* [What you will do]: Output each line of the listing exactly, though pictures are not to appear.

* [Data segment]:

____________________

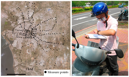 The study of urban heat island effects usually uses remote sensing, fixed weather stations, or mobile transect observation to collect air temperature data. The remote sensing can only obtain the surface temperature data. Therefore, some papers focused on the estimation of air temperature from surface temperature [30,31,32,33]. Fixed weather stations are usually small in number and are not located in the highest or lowest temperature areas of the city; therefore, the limited data obtained cannot be the basis for calculating the heat island effect. Although mobile transect observation can get a lot of data at the same time, it takes a lot of manpower to complete. Therefore, in order to conduct urban heat island research with high efficiency and low cost, a comprehensive measurement method must be developed.
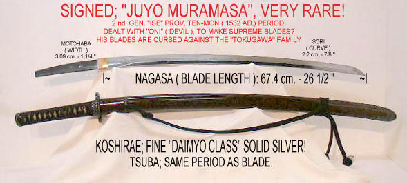 Ở thời Mạc Phủ Tokugawa Leyasu, thanh kiếm Muramasa và những bản sao của nó bị săn lùng ráo riết. Người cha và ông nội của Mạc Phủ được cho là bị giết bởi thanh kiếm Muramasa. Bản thân Tokugawa Leyasu từng bị trọng thương bởi thanh kiếm này trong khi thị sát đơn vị quân đội.
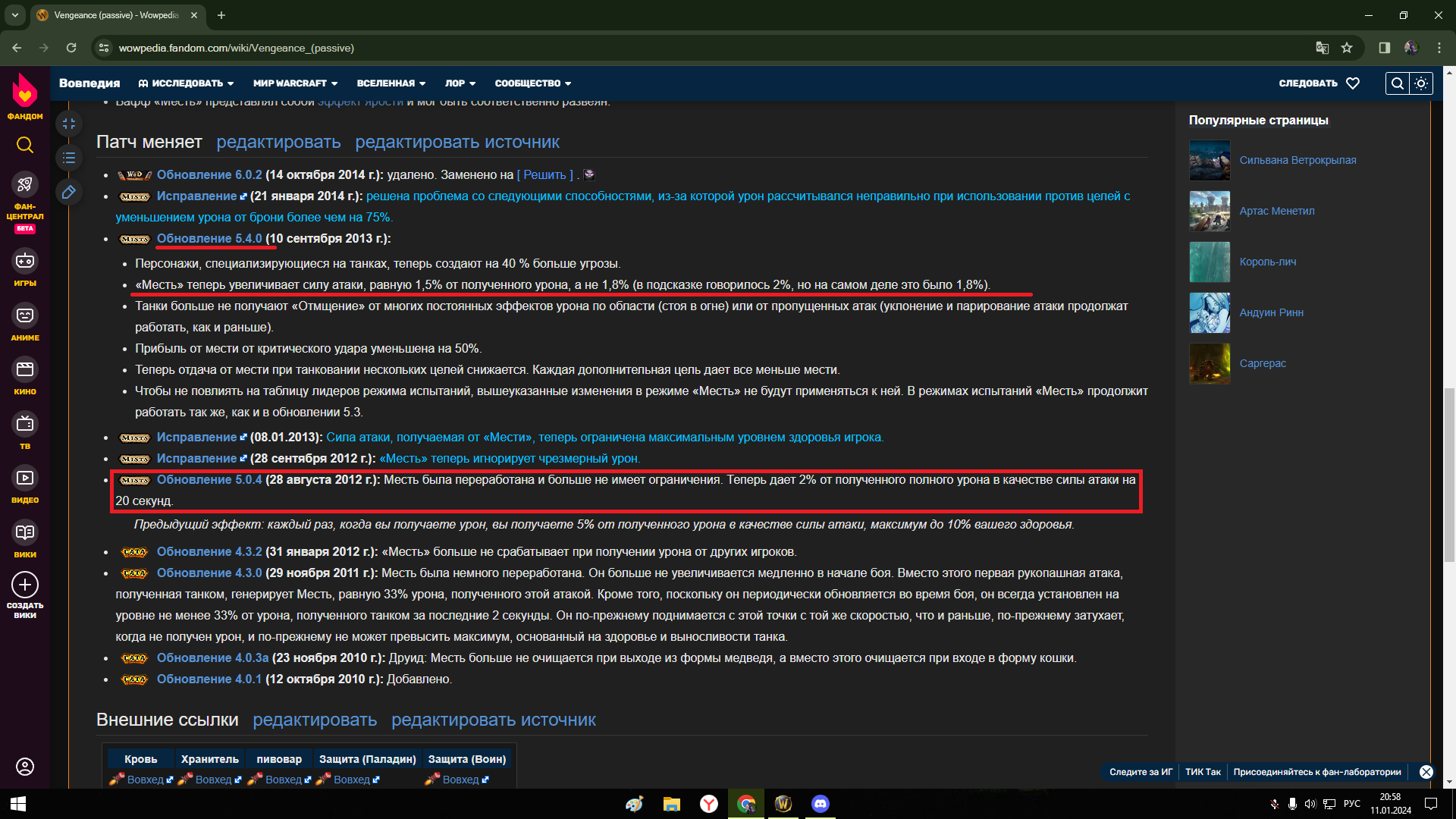 | Description | 1)https://mop-shoot.tauri.hu/?spell=132365 https://mop-shoot.tauri.hu/?spell=93098 Прот Воин https://mop-shoot.tauri.hu/?spell=84840 мишка Друид https://mop-shoot.tauri.hu/?spell=120267 Хмель Монах https://mop-shoot.tauri.hu/?spell=93099 ДК кровь https://mop-shoot.tauri.hu/?spell=84839 Прот Пал https://wowpedia.fandom.com/wiki/Vengeance_(passive) На данный момент спеллы имеют значение 1.5% т.к реалии клиента сервера на 5.4.8 , до 5.4 спелл имел значения 1.8% , имеет смысл на первые этапы сервера до Осады вернуть значение до 1.8% . | ||||

____________________

* [Exercise response]:
 The study of urban heat island effects usually uses remote sensing, fixed weather stations, or mobile transect observation to collect air temperature data. The remote sensing can only obtain the surface temperature data. Therefore, some papers focused on the estimation of air temperature from surface temperature [30,31,32,33]. Fixed weather stations are usually small in number and are not located in the highest or lowest temperature areas of the city; therefore, the limited data obtained cannot be the basis for calculating the heat island effect. Although mobile transect observation can get a lot of data at the same time, it takes a lot of manpower to complete. Therefore, in order to conduct urban heat island research with high efficiency and low cost, a comprehensive measurement method must be developed.
 Ở thời Mạc Phủ Tokugawa Leyasu, thanh kiếm Muramasa và những bản sao của nó bị săn lùng ráo riết. Người cha và ông nội của Mạc Phủ được cho là bị giết bởi thanh kiếm Muramasa. Bản thân Tokugawa Leyasu từng bị trọng thương bởi thanh kiếm này trong khi thị sát đơn vị quân đội.
 | Description | 1)https://mop-shoot.tauri.hu/?spell=132365 https://mop-shoot.tauri.hu/?spell=93098 Прот Воин https://mop-shoot.tauri.hu/?spell=84840 мишка Друид https://mop-shoot.tauri.hu/?spell=120267 Хмель Монах https://mop-shoot.tauri.hu/?spell=93099 ДК кровь https://mop-shoot.tauri.hu/?spell=84839 Прот Пал https://wowpedia.fandom.com/wiki/Vengeance_(passive) На данный момент спеллы имеют значение 1.5% т.к реалии клиента сервера на 5.4.8 , до 5.4 спелл имел значения 1.8% , имеет смысл на первые этапы сервера до Осады вернуть значение до 1.8% . | ||||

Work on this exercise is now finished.